Whose hasn't? But in this case I had to find out which part. Medicine or writing.
My habit has been to read all established authors in bulk. Unless you read round, round, and round in Yoknapatawpha County you don't journally know no Faulkner. So I began with Williams, mostly however with an eye to sort of peer review him, to see what kind of a doctor he could possibly have been with all that writing going on. I knew others would take care of his literature, but I worried about his patients. Over eighty no golfer, under eighty no doctor. It seemed to me it had to come off somewhere. But the result was astonishing.
Williams, as everybody now knows, had that fantastic rare facility to compartmentalize and integrate his entire creative impulse. Again and again, say in Mann or Kafka, we come on the old saw, artist tormented by conflict of being both within and without society, unable to integrate the requirements of each, becoming the recluse in order to create, then feeling intermittently guilty for his lack of social commitment, and so forth. In a dialogue published some ten years ago Archibald MacLeish marvels at the quality in poet Mark Van Doren who, unlike himself who needed to be hermetically sealed at the same time everyday, was for years teaching at Columbia able to write snatches of good poetry in office hours between airing student complaints.
Williams was able to begin a poem, he says, be interrupted by a patient at the door, quickly break off, retracting the typewriter into his desk, treat the patient, elevate the typewriter again and in a moment resume just where he had left off. Amazing performance! Periodicity of psychological and imaginative energy,
he called it in a notebook in 1930. Work all the time—manic depression but learn to use yourself: when you drive in—when down assume the clerk—there's plenty of room for both.
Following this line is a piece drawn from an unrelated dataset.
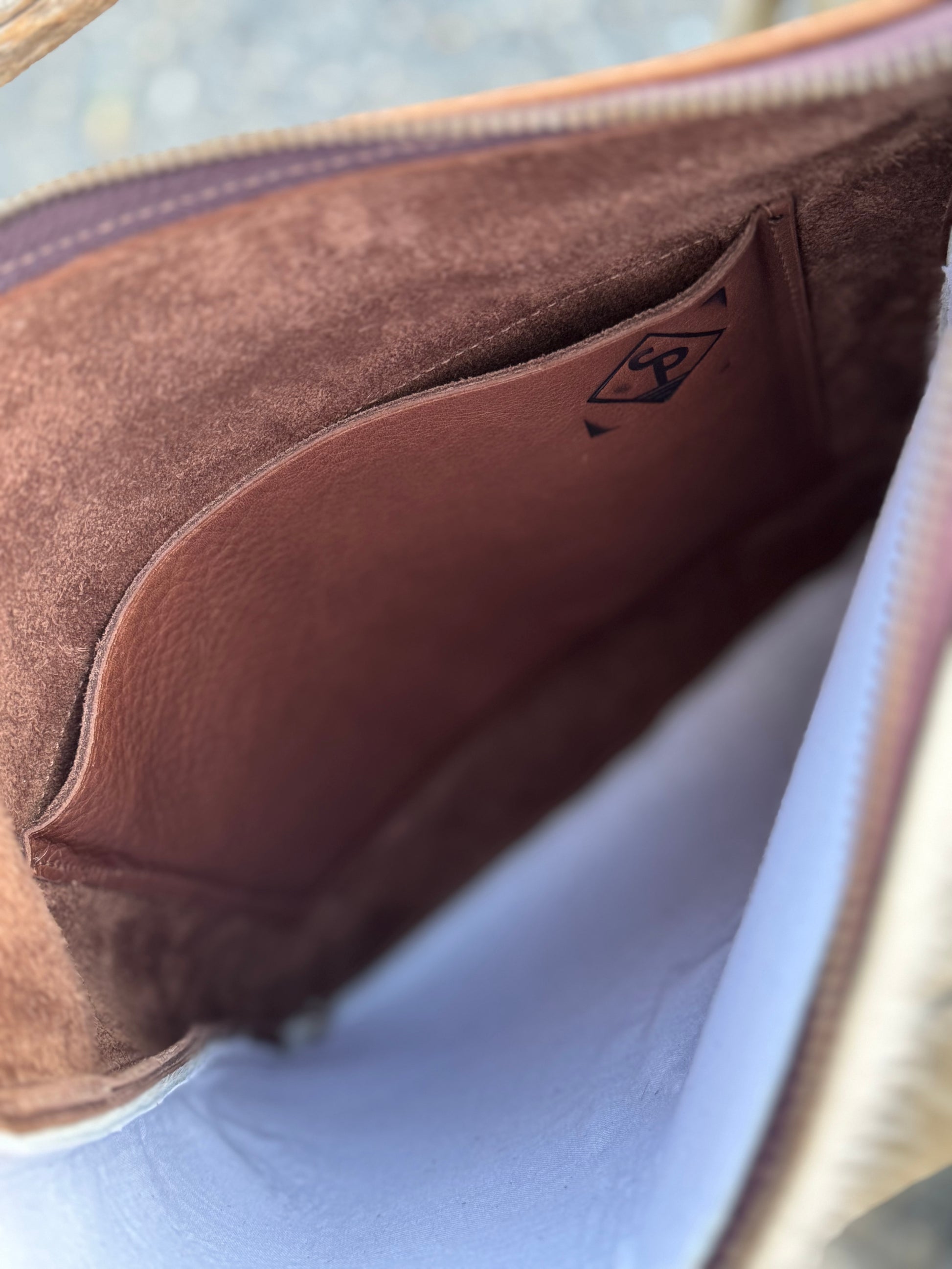 The Petaluma Bag features a striking brown and white cow hair front complemented by stylish brown fringe, making it a unique accessory for any outfit. Designed with a long strap, it can be comfortably worn over the shoulder or crossbody to keep your hands free. Its zipper closure ensures your belongings stay secure, while both exterior and interior pockets provide convenient storage for essentials. Perfect for those seeking a blend of practicality and standout style.

And that's the way it sent with him for forty years. It didn't take long, he insisted, five or ten minutes was enough, there was entirely too much writing done every day. In the autobiography he writes, That is the poet's business. Not to talk in vague categories but to write particularly, as a physician works, upon a patient, upon the thing before him, in the particular to discern the universal.
Doesn't that say much more of him than no ideas but in things
? Because basically Williams was not dealing with things, by his own admission, but with people as indistinguishable to him from his poetry. When they ask me, as of late they frequently do,
he writes near the end of his autobiography, how have I for so many years continued an equal interest in medicine and the poem, I reply that they amount for me to nearly the same thing.
Along with many of his critics I had long felt Williams's poetry lacked profundity. He had simply put the hay down where the goats could get at it:
By the road to the contagious hospital
under the surge of blue
mottled clouds driven from the
northeast …
But reading all of him, particularly the prose, gives a whole different window. His profundity becomes a doctor's uniquely profound feeling for what his limited ability, despite all his learning, allows him is even remotely possible with human beings. It becomes clear. His poetry is often irresolute, maddeningly irresolute. But so is life, and what the doctor is called upon to do for it.
The cured man is no different from any other. It is a trivial business unless you add the zest, whatever that is, to the picture. That's how I came to find writing such a necessity, to relieve me from such a dilemma. I found by practice, by trial and error, that to treat a man as something to do with surgery, drugs and hoodoo applied was an indifferent matter; to treat him as material for a work of art made him somehow come alive to me.